Тощий Клайс понятливо замотал головой. Всё-таки не до конца им мозги вынесли в Граде Рабов…

— Вот и молодчина. Выполнять.

Жаль, мне фляжку не вернули. Пока догонял лесничих и Нэйша, пока огибали поместье — тошнота так и подтапливала своими волнами. Будто пережил морскую болтанку. Или собираюсь с разбега сигать в пропасть.

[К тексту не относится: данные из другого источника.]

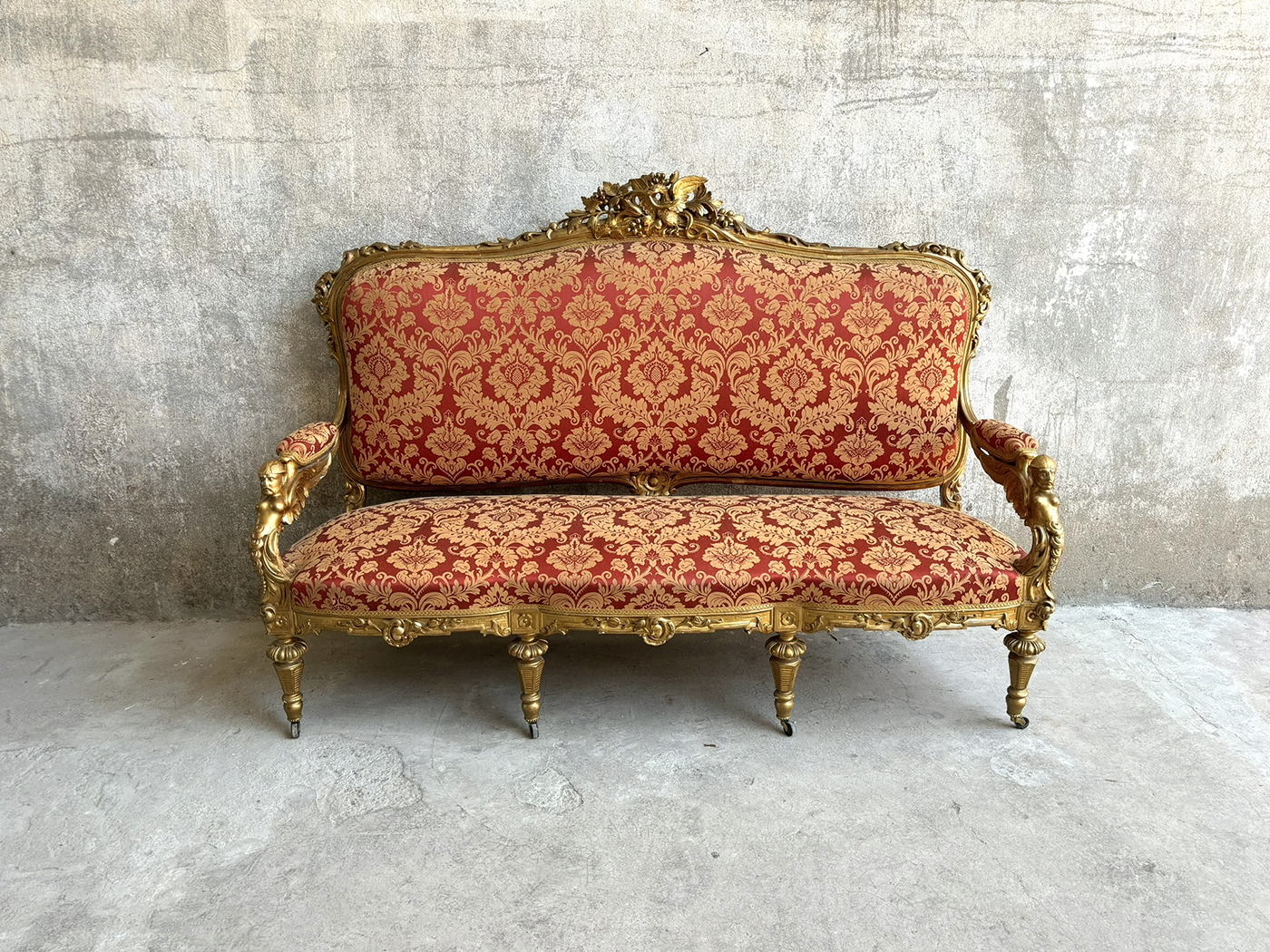 Sofá alfonsino dorado tallado tapizado damasco (Hay 2) y (Juego sillería con 6 sillones a juego SI14)

Может, просто слишком много мыслей о Гриз. Пока я продумывал всё это, насчёт мортаха, — вспоминал её уроки. Так что теперь кое-что от Гриз точно обосновалось внутри. И, кажется, печалилось. Или интересовалось — что я буду делать, когда все три проблемы окажутся решенными, а путь в «Ковчежец» для меня — закрытым.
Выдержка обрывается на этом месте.